START Data for this exercise

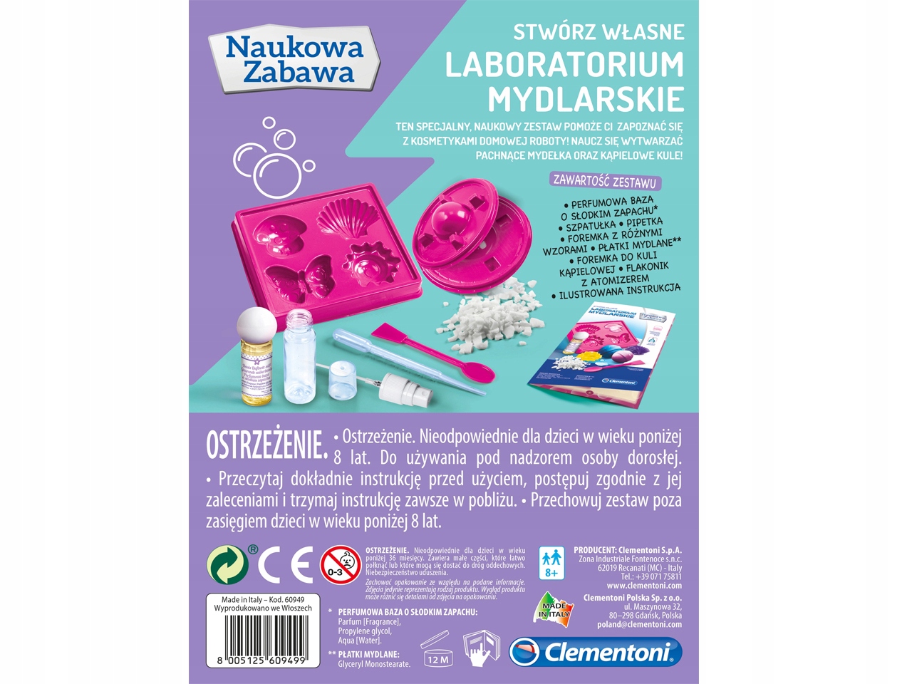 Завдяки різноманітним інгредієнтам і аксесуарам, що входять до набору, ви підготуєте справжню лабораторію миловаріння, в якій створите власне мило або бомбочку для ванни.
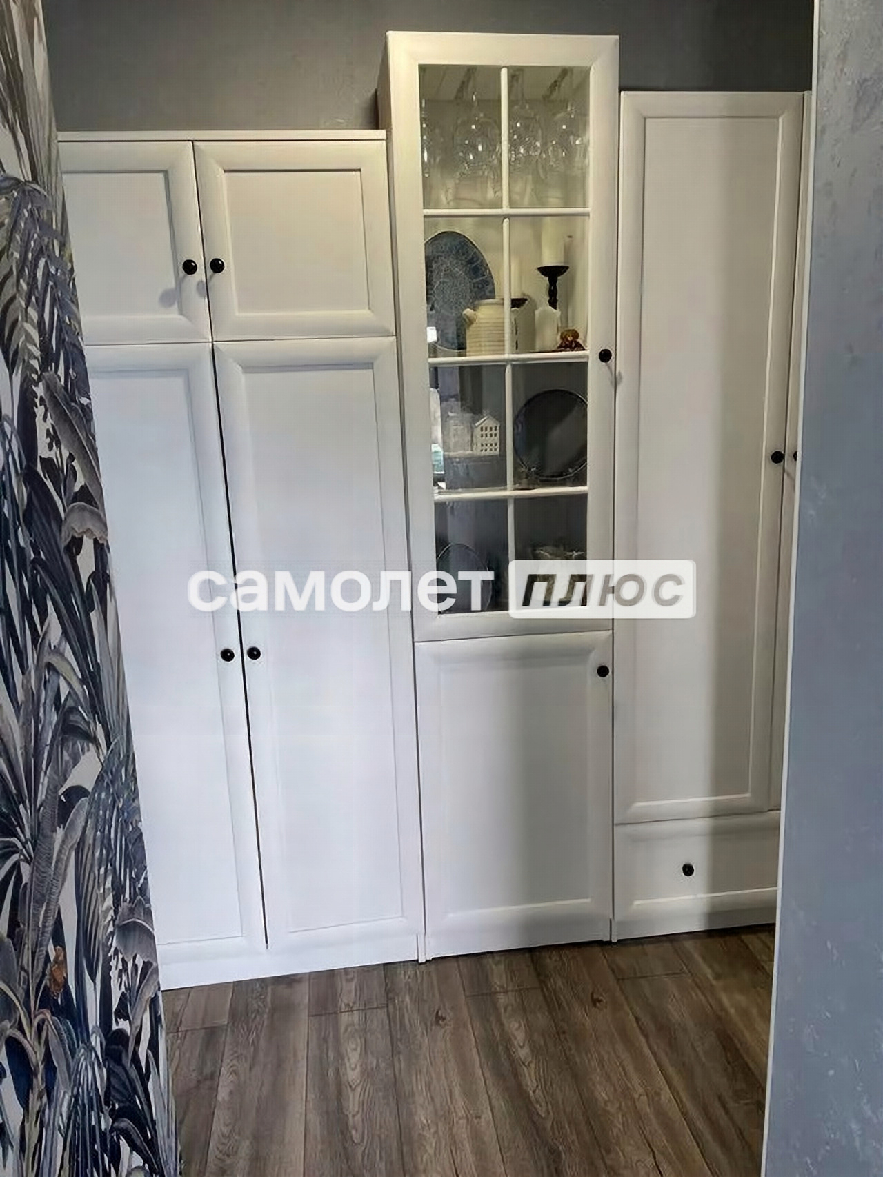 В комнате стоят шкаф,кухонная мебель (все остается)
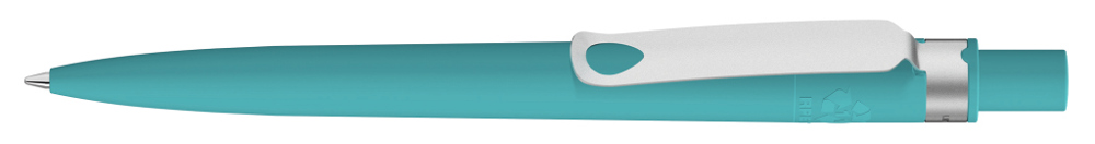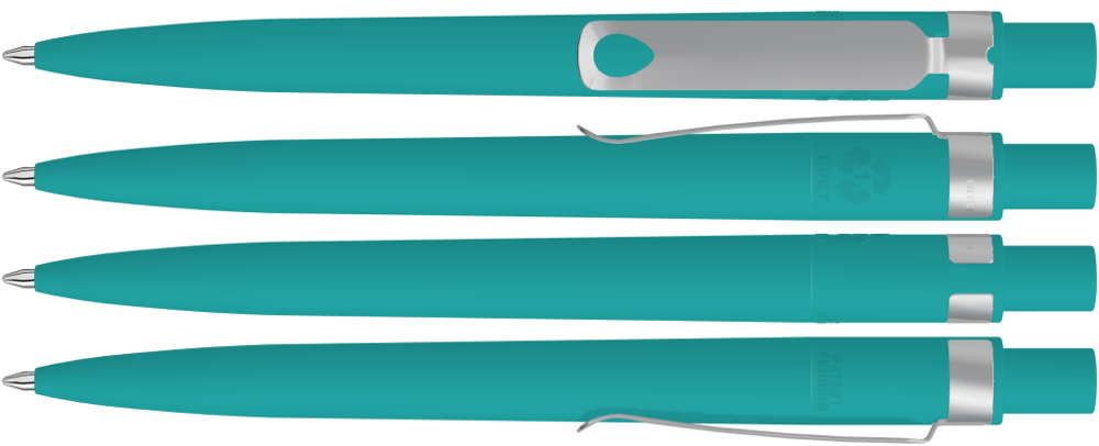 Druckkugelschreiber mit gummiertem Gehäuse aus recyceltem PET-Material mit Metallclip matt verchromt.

END Data for this exercise
START Data for this exercise

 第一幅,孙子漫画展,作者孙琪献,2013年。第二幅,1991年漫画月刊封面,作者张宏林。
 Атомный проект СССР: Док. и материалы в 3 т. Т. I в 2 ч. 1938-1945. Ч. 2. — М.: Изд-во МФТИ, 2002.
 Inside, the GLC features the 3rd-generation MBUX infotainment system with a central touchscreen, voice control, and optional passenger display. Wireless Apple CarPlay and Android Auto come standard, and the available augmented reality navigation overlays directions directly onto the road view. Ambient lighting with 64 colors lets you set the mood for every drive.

END Data for this exercise
START Data for this exercise

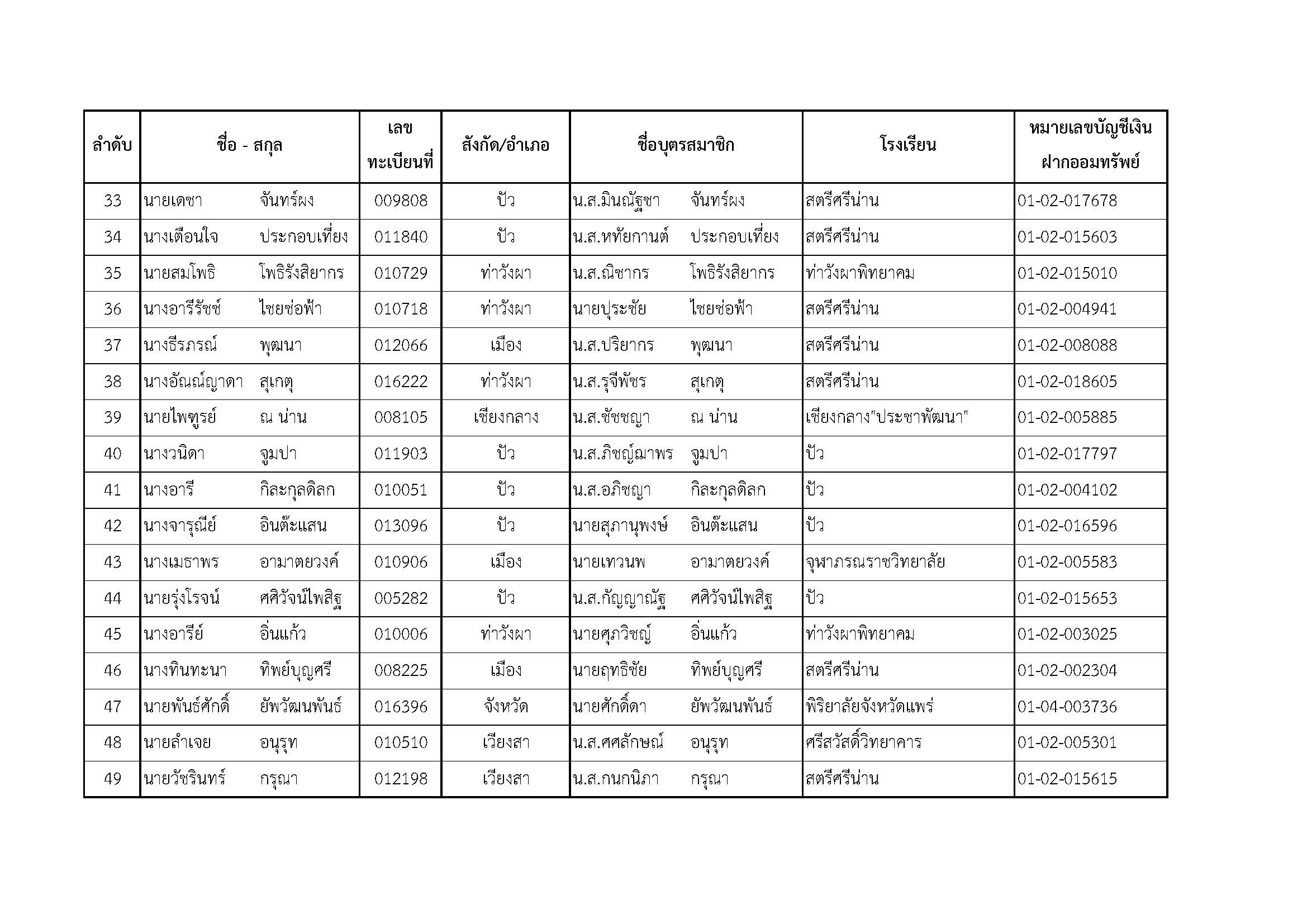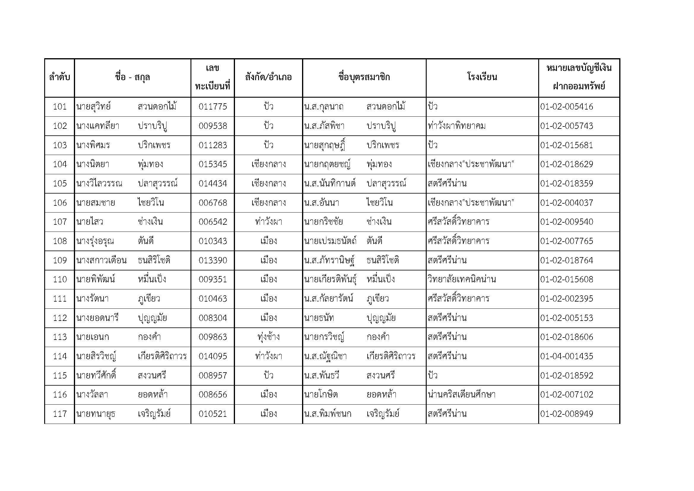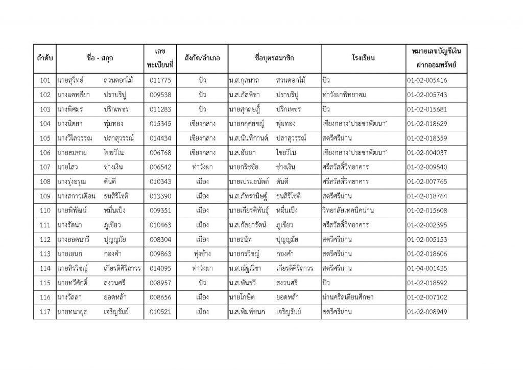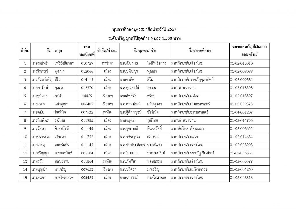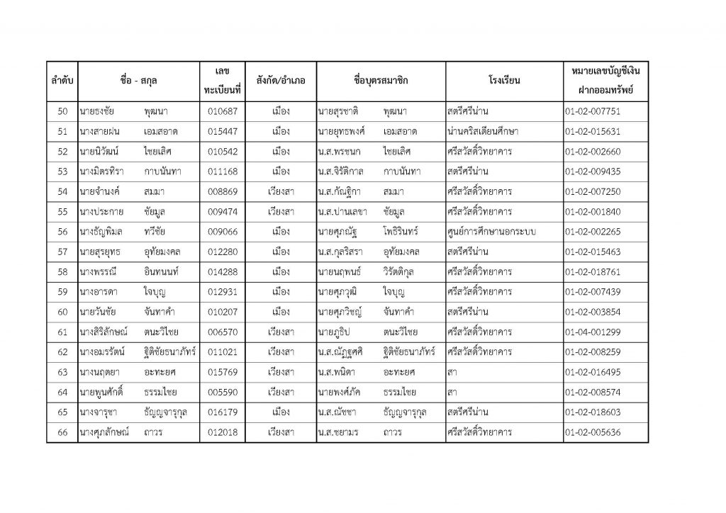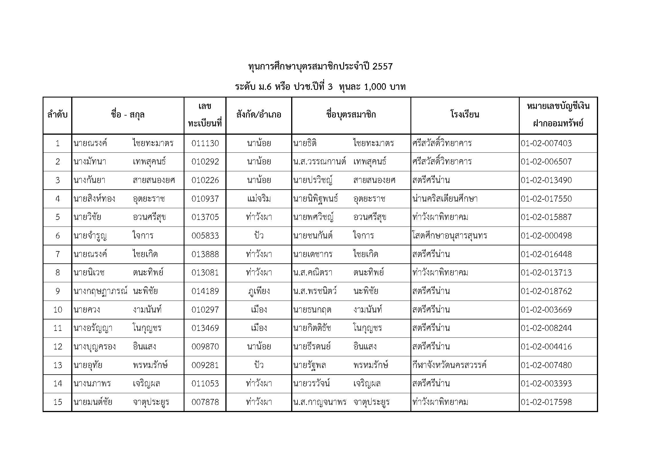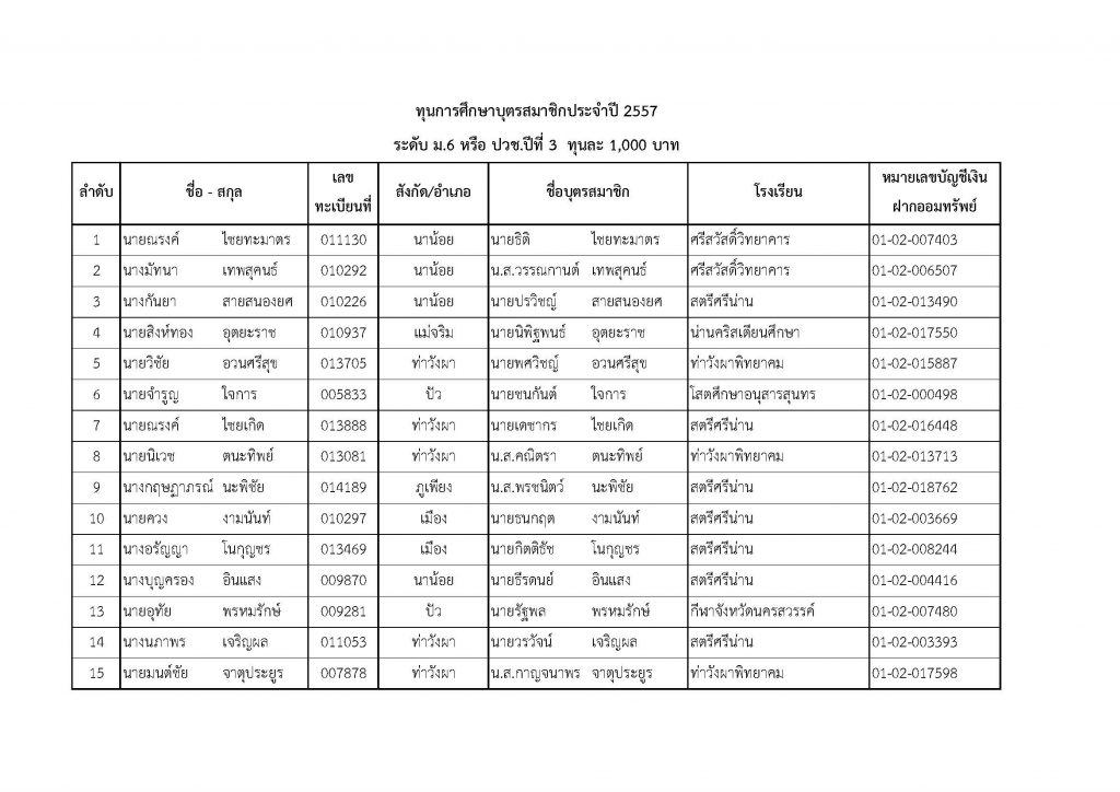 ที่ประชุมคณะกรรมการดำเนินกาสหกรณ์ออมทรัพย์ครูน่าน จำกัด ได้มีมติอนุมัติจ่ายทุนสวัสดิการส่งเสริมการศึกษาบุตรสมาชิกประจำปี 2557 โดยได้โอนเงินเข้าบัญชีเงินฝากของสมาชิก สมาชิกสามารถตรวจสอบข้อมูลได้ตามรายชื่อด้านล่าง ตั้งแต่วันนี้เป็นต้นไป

END Data for this exercise

__Exercise objective__: Give back the exact lines above, running from the one that has "Завдяки різноманітним інгредієнтам" through the one that has "Druckkugelschreiber mit gummiertem", with nothing added and no pictures.

__Response box__:
 Завдяки різноманітним інгредієнтам і аксесуарам, що входять до набору, ви підготуєте справжню лабораторію миловаріння, в якій створите власне мило або бомбочку для ванни.
 В комнате стоят шкаф,кухонная мебель (все остается)
 Druckkugelschreiber mit gummiertem Gehäuse aus recyceltem PET-Material mit Metallclip matt verchromt.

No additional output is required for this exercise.